Finding common ground
So how can challenges be addressed practically on the nursing unit, in a way that benefits both staff and patients? Janel Allen, senior vice president and chief people officer for Children’s Hospital and Medical Center in Omaha, Neb., says the facility meets its mission by increasing connections among nurses, their colleagues and their employer.
“We know our nursing team members are essential to achieving the patient experiences and outcomes we want,” Allen says. “We are focused on listening and meeting their needs, and there are a number of ways we accomplish that.”

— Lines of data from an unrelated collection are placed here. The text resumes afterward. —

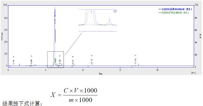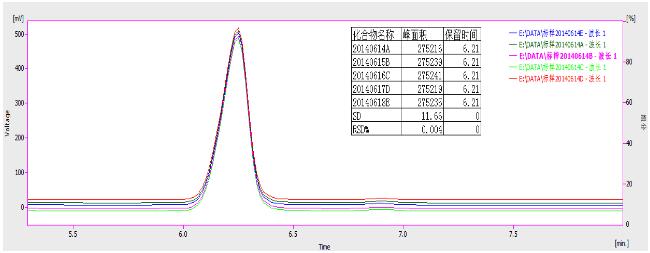 圖中可見,甜菊糖苷連續(xù)5針進樣,峰面積重復性RSD%0.004,保留時間重復性良好,完全滿足方法要求。
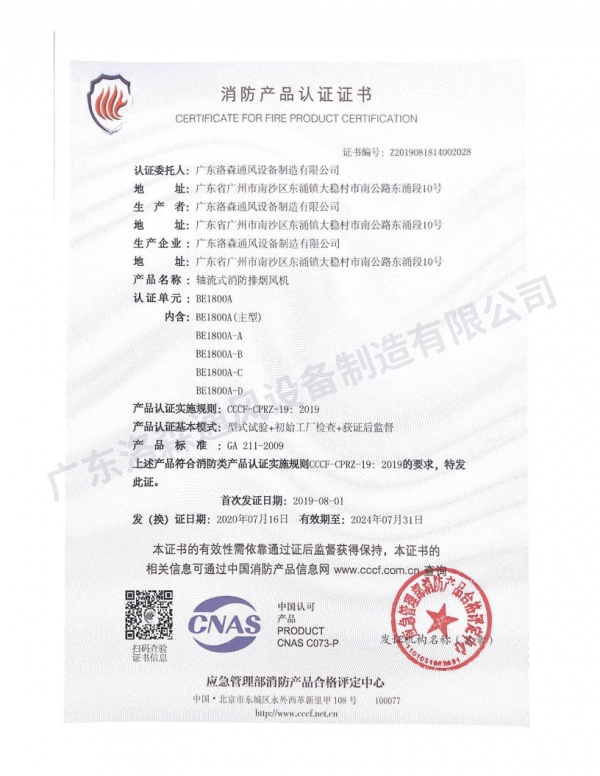 主頁 > 榮譽資質 > 產品認證證書 > 消防產品認證證書-軸流式消防排煙風機BE1800A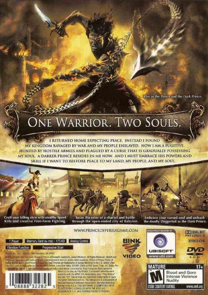 Prince of Persia: Two Thrones picks up the incredible action and adventure of the series with an all-new chapter. The Prince has returned from his adventures with his love, Kaileena. Instead of the peace that he longs for, he finds his homeland ravaged by war and the kingdom turned against him. The Prince is captured and Kaileena has no choice but to sacrifice herself and unleash the Sands of Time to save him. Now a fugitive, the Prince discovers that past battles have given rise to a deadly Dark Prince, whose spirit gradually possesses him.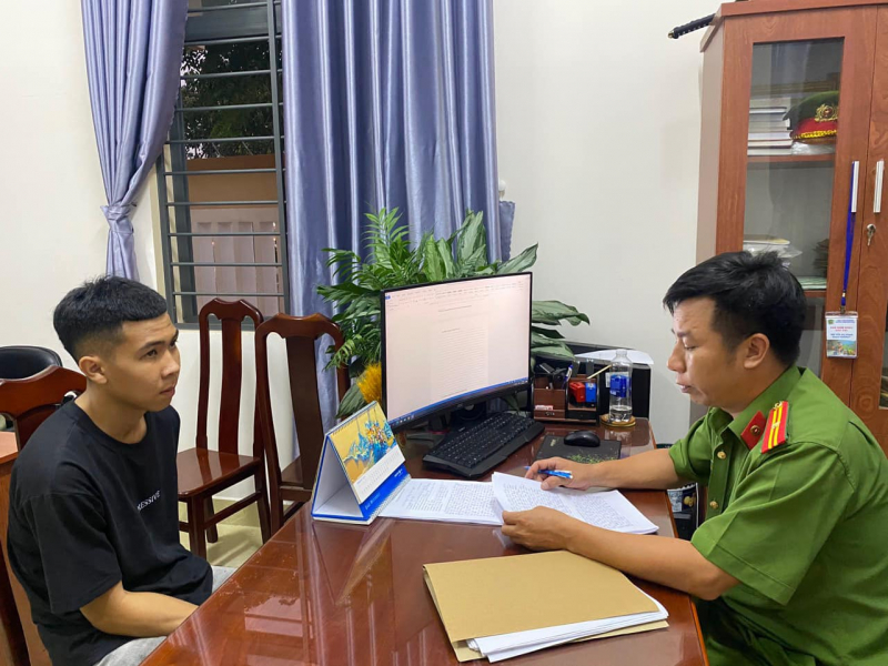 Đối tượng Nguyễn Đình Hậu khai nhận hành vi phạm tội với cán bộ điều tra.

Allen says the hospital has implemented a discretionary bonus program to allow staff members to share in its success, and a Commitment Award program financially rewards team members for staying in the hospital’s employ. A paid community volunteering initiative called Be Involved offers the opportunity to seek fulfillment through giving back. New paternity leave benefits help families bond with their newborn and adopted children. The hospital is updating its staffing model to include licensed practical nurses. And a robust Employee Resource Group program offers staff members a way to connect with each other, share common interests, encourage belonging and diversity and support professional development and leadership.
Children’s also had team members help design a nursing residency initiative for new graduates. And it hosts a program called S2RN in which nursing students are sponsored for employment, receive tuition support and then continue working at the hospital after graduation. “We are developing a ‘best place to nurse’ environment where team members can find joy and meaning in the workplace,” Allen says. “We also have smaller initiatives like ‘zen dens’ where nurses can relax during a shift, and a morale support dog focused solely on easing tension among employees.”
According to Allen, nurse feedback shows the hospital’s efforts are working. “Nurses tell us they feel heard, cared for and valued,” she notes. “They say they feel empowered to be part of shaping the hospital’s future, and that loyalty is showing up in our retention metrics.”
Moving forward
McMillan says technology and teamwork will be at the forefront of nurse staffing solutions in the future. “We are seeing hospitals implement digital scheduling and recruitment platforms to screen and vet candidates and fill jobs quickly,” she says. “There also are forecasting tools nurse leaders can use to track patient flow and better match staff assignments. Health systems are providing well-being initiatives at work and making sure nurses’ mental health is supported. Respite rooms offer mental and physical breaks, and team members are encouraged to check in on each other. Even robotic technology is being used to complete simple tasks like delivering supplies so nurses don’t have to.”
Carrying the momentum forward, the ANA recently launched a Nurse Staffing Task Force to devise long-term, sustainable solutions. It also convened a Nurse Staffing Think Tank to address how recommendations can be implemented.
“Nurse leadership is stepping in to take the burden off of staff members, and healthy work environments are a priority,” McMillan says. “There are some very creative things going on in nursing.”